Other schools require doctors to perform such consulting on their own time and limit the hours they spend doing it. There is a line, albeit a sometimes fuzzy one, between the doctor’s opinion as a consultant and as a university representative.

Experts at schools including the University of Cincinnati, Washington University in St. Louis and Case Western Reserve University submit opinions that often favor coal companies, but this consulting is not part of their work for the university.

At Johns Hopkins, no line exists. It is part of the doctors’ jobs to provide interpretations for coal companies, who are willing to pay top dollar for a report from one of these doctors.

Lawyers who represent miners said the doctors they use charge between $65 and $100 to read an X-ray. Johns Hopkins charges $100 to read an X-ray with no abnormalities; the rate rises to $750 if there are markings to be interpreted, as in the bulk of black lung cases, said Dr. Paul Wheeler, the longtime leader of the section. When the doctors testify, they charge $600 an hour, he said.

Earlier this year, Wheeler said during a deposition the fee for an X-ray with abnormalities was $500. When the Center for Public Integrity asked Hopkins which amount — $500 or $750 — was correct, university officials declined to answer.
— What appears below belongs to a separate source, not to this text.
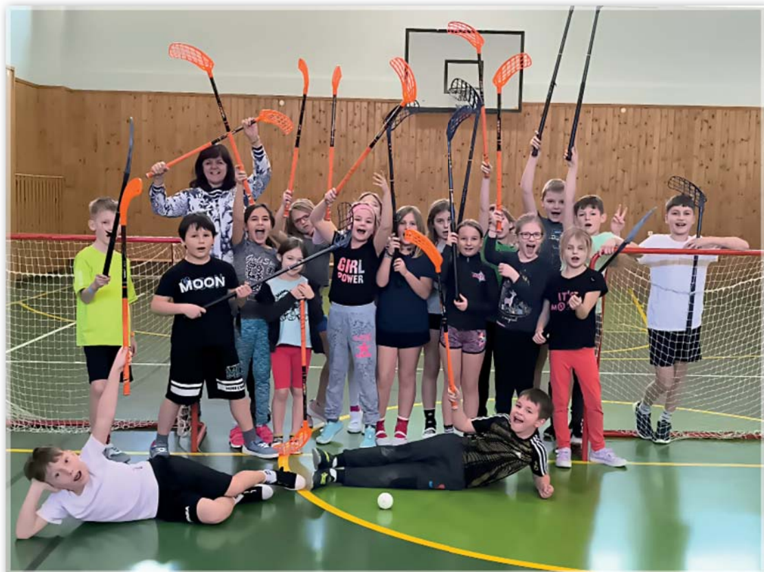
Hokej v TV – 2. a 3. třída

The university said the fees from deposition testimony go to a scholarship fund while the fees from X-ray readings go to the radiology department.

University representatives refused to say how much money Hopkins receives from coal companies, but said the radiologists in its Pneumoconiosis Section review between 2,000 and 3,000 possible black lung cases a year. These doctors also read films in cases other than black lung benefits claims, and provide interpretations to companies that want to monitor the health of their workers. It is unclear whether the number of cases referenced by the university includes all of this work or only black lung cases; university representatives did not answer a request for clarification.

During a deposition in a case decided in 2009, a doctor no longer at the university testified that radiologists received bonuses for being “productive.” The physician could not be reached for comment. Wheeler said he didn’t know how his salary or bonuses were calculated.

In a statement, referencing its doctors’ status as government-certified X-ray interpreters, or “B Readers,” the university said: “There are no financial incentives associated with this program for our B-readers or the radiology department. There are no bonuses or other salary supplements paid to doctors related to the volume of examinations read, expert testimony, or other aspects of the B-reader program at Johns Hopkins.”